Alarm Bencana di Jawa Tengah, Syarif 'Kakung' Abdillah: BPBD Tak Bisa Kerja Sendirian!

Jateng provinsi ke-3 tertinggi kejadian bencana di Indonesia. DPRD Jateng dorong perubahan paradigma penanganan bencana melalui kolaborasi hexahelix.

Budi Arista Romadhoni
Sabtu, 12 Juli 2025 | 16:05 WIB
Alarm Bencana di Jawa Tengah, Syarif 'Kakung' Abdillah: BPBD Tak Bisa Kerja Sendirian!
Wakil Ketua DPRD Jawa Tengah, Syarif Abdillah. [Istimewa]

SuaraJawaTengah.id - Sebuah data mengkhawatirkan datang dari Badan Nasional Penanggulangan Bencana (BNPB). Jawa Tengah menempati posisi ketiga sebagai provinsi dengan jumlah kejadian bencana alam tertinggi di Indonesia, dengan total 162 kejadian sepanjang semester pertama tahun 2024.

Angka ini menempatkan Jateng tepat di bawah Jawa Barat (243 kejadian) dan Jawa Timur (199 kejadian) dari total 1.713 bencana yang melanda nusantara.

Kondisi darurat ini menjadi alarm keras bagi semua pihak, bahwa penanggulangan bencana tidak bisa lagi dipandang sebagai tugas sektoral.

Menanggapi situasi genting ini, Wakil Ketua DPRD Jawa Tengah, Syarif Abdillah, mendesak adanya perubahan paradigma dalam penanganan bencana.

Baca Juga:Suhu Dingin di Jawa Tengah Masih Dalam Batas Normal, BMKG Minta Warga Tak Cemas

Menurutnya, membebankan seluruh tanggung jawab hanya kepada Pemerintah Provinsi atau Badan Penanggulangan Bencana Daerah (BPBD) adalah sebuah kekeliruan fatal.

Ia menegaskan, upaya pengurangan risiko bencana adalah tanggung jawab bersama yang harus melibatkan kolaborasi lintas sektor dan lintas generasi, atau yang dikenal dengan konsep hexahelix.

Konsep ini mensyaratkan sinergi aktif dari enam unsur utama: pemerintah, masyarakat, akademisi, dunia usaha, media, hingga Non Governmental Organization (NGO).

“Setiap unsur memiliki kekuatan dan kapasitas masing-masing, jika disinergikan akan membentuk jejaring kolaborasi yang kokoh dan berkelanjutan,” ungkap Syarif Abdillah di Semarang dikutip Sabtu (12/7/2025).

Politisi yang akrab disapa Kakung ini menyoroti bahwa tanpa gotong royong massal, upaya mitigasi dan kesiapsiagaan bencana di Jawa Tengah akan berjalan lambat dan tidak efektif.

Baca Juga:5 Fakta Menarik Tentang Mitos Suara Anak Ayam di Malam Hari

Pemerintah butuh dukungan data dari akademisi, sumber daya dari dunia usaha, edukasi dari media, jangkauan dari NGO, dan partisipasi aktif dari masyarakat.
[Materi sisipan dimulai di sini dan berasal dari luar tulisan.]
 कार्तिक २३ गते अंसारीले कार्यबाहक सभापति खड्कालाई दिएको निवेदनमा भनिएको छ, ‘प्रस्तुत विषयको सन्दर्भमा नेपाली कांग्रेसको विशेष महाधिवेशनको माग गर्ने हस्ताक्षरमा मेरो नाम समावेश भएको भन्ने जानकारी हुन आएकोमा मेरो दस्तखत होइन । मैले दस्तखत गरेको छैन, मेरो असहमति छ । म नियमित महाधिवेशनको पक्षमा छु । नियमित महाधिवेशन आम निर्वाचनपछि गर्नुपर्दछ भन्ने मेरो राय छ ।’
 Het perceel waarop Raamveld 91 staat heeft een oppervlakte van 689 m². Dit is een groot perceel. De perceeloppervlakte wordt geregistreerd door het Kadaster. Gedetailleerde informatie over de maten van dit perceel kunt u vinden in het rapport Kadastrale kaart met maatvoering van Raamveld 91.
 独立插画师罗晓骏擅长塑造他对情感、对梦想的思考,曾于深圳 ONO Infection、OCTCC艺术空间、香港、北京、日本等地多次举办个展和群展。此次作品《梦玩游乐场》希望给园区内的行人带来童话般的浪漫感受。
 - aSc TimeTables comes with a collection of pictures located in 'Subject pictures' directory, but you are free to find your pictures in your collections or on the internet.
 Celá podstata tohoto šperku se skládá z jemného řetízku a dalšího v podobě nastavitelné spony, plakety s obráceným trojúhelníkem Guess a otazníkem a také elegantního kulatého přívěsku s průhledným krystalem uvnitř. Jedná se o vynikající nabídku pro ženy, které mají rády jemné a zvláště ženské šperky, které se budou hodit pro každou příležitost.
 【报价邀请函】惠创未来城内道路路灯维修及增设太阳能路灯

Untuk melembagakan kolaborasi ini, Syarif menyambut baik pembentukan Forum Pengurangan Risiko Bencana (FPRB) di tingkat provinsi maupun kabupaten/kota.

 Wakil Ketua DPRD Jawa Tengah, Syarif Abdillah. [Istimewa]
Wakil Ketua DPRD Jawa Tengah, Syarif Abdillah. [Istimewa]
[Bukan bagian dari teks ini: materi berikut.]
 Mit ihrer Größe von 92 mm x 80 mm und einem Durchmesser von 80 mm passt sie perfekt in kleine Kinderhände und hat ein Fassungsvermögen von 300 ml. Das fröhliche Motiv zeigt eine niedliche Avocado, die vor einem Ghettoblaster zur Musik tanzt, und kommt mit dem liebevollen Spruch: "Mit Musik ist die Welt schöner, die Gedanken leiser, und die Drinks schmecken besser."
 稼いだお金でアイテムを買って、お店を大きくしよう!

Langkah ini, menurutnya, sejalan dengan amanat Undang–Undang Nomor 24 Tahun 2007 tentang Penanggulangan Bencana dan Peraturan Pemerintah Nomor 21 Tahun 2008.

“Forum seperti ini merupakan wadah koordinasi nonformal, namun memiliki peran yang sangat strategis dalam penyelenggaraan penanggulangan bencana secara menyeluruh,” sebut politikus Partai Kebangkitan Bangsa (PKB) ini.
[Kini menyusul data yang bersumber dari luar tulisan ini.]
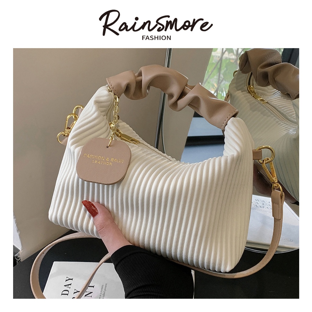 Tas Wanita Modis & Unik Motif Garis Vertikal – RAINSMORE Handbag Bisa Selempang, Dijinjing & Bahu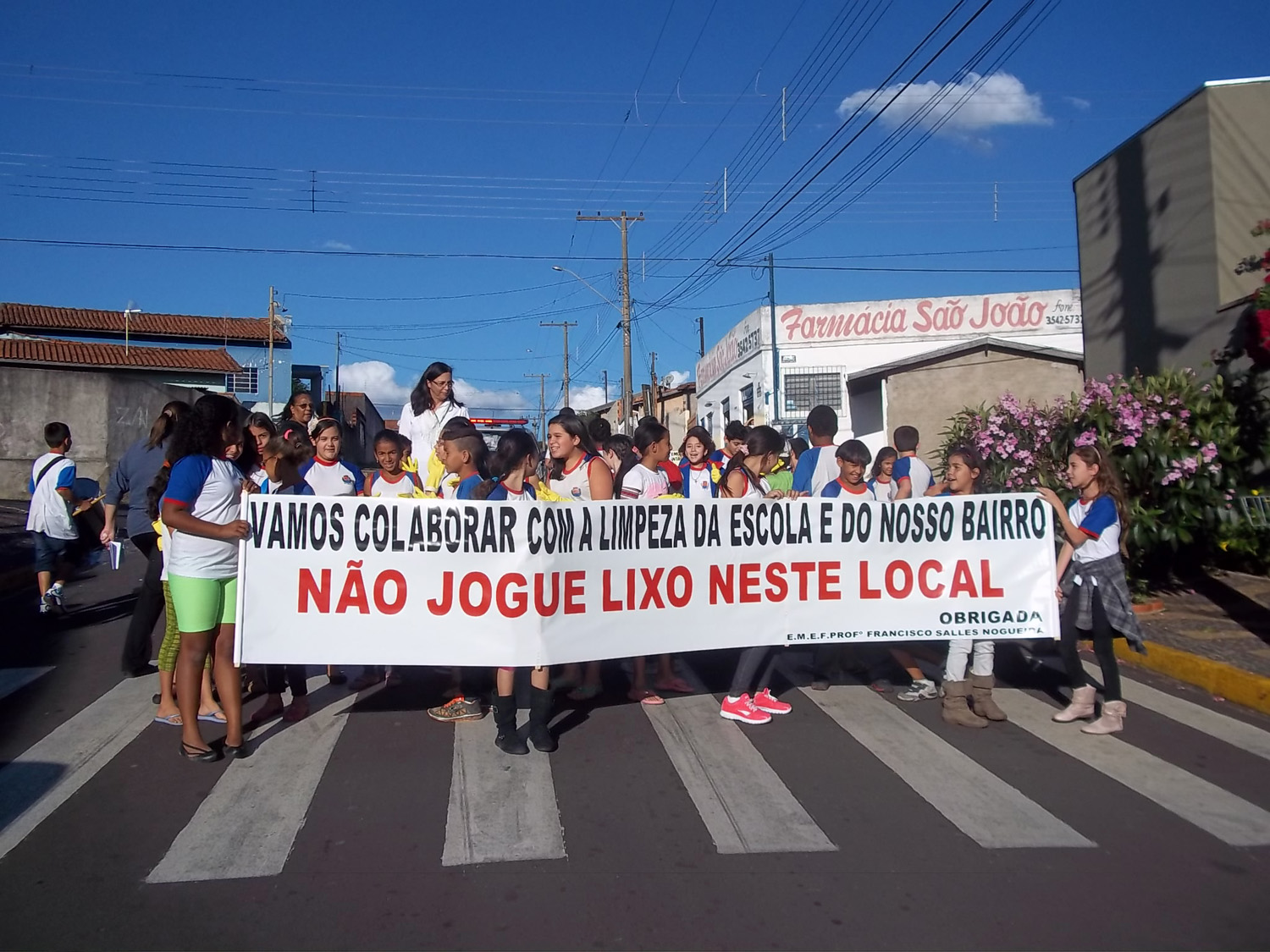 Com os estudantes do 3º, 4ª e 5º anos do ensino fundamental foi realizado outro tipo de trabalho. Os alunos saíram com faixa, sacos para recolher lixo, todos monitorados pelas professoras, com luvas e pás. Alguns alunos, inclusive, saíram com instrumentos musicais, tocando para que os moradores ouvissem e saíssem para ver o que estava acontecendo.

Namun, ia memberikan catatan kritis. Forum tersebut tidak boleh sekadar menjadi seremoni atau simbol komitmen di atas kertas. Keberadaannya harus menjadi strategi nyata untuk membangun masyarakat dan wilayah yang tangguh terhadap ancaman bencana.

“Dan tentunya menjadi mitra penting pemerintah daerah, baik dalam aspek mitigasi, kesiapsiagaan, hingga pemulihan pascabencana,” terang anggota dewan dari daerah pemilihan Banyumas dan Cilacap ini.